# Oil fired furnace and hot water heater question



## secutanudu (Mar 15, 2009)

That is exactly how my house is set up. He doesnt drink his boiler water....right? On my boiler, there is the send and return for my radiators. There is also a drinking water that runs into the boiler through a coil then out of the boiler. This water pipe simply runs through the boiler, the water is not mixed. That then feeds into my 50gal electric water heater.

I have two valves near the water heater. One from the boiler and one right from the meter. Each leg has a valve on it. I just swap them in the summer. One is on, one is off.

I have no idea if this is a good or recommended setup - just how it was when I moved in.


----------



## steveinpa (Aug 9, 2010)

Yes, The furnace has a separate internal coil used to just to heat the hot water for faucets, etc. I guess my concern is the effect of hot water from the furnace coil used to fill the electric water heater. I'm not sure of the exact temp of the hot water. But, I do know that the hot water coming from the taps is very hot. The gallons per minute of hot water is not up to the new demands on this type of hot water system. But, while the hot water lasts, it is hot. I'm thinking that in the winter time, when the furnace is cycling more often, that the water temp may be a bit higher. The temp of the water entering the water heater would be higher than actual water temp setting of the electric water heater. If it is ok to plumb the water supply in this way, then it would save electricity of the water heater.

Having said that, would it be a good idea to add a mixing valve to mix hot water from the furnace heater with cold water to reduce the water temp inlet going into the electric water heater? The inlet water would be warm, but not as hot as directly from the furnace.

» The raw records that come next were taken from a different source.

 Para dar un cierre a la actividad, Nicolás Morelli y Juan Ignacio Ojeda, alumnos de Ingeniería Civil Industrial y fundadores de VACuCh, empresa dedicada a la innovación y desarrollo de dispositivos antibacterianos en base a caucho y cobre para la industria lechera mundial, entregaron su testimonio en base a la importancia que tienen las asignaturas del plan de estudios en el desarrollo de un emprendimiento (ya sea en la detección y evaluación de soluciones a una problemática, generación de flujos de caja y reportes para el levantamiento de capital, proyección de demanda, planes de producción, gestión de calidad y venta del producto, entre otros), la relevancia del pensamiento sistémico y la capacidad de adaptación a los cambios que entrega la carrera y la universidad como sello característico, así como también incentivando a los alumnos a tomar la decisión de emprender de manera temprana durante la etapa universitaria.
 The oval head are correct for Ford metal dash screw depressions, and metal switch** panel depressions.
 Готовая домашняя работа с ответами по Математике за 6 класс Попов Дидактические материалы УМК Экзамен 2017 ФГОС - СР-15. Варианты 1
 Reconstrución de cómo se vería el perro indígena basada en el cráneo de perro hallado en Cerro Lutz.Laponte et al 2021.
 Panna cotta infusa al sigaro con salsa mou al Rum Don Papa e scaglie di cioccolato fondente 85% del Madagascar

Also, we don't want to use the system of shutting off the water supply to the electric heater from the furnace in the summer time or shutting off a cold water inlet directly from the main in the winter. We would just turn off the furnace in the summer and allow the water to pass through the furnace coil and feed into the water heater.

Steve


----------



## secutanudu (Mar 15, 2009)

Have you actually tested the temperature of the hot water before it turns cold? Are you sure it's above what you would want in an electric heater?

I have no idea if this is true - but the reason a plumber told me it was good to switch off the coil in the summer was that more sediment builds up in the coil (the one in the boiler) when water runs through it and that you cannot replace them. So why "use it up" when you don't need to. Seems ridiculous to me...why would water sitting in the pipe be much better than water flowing through it?


----------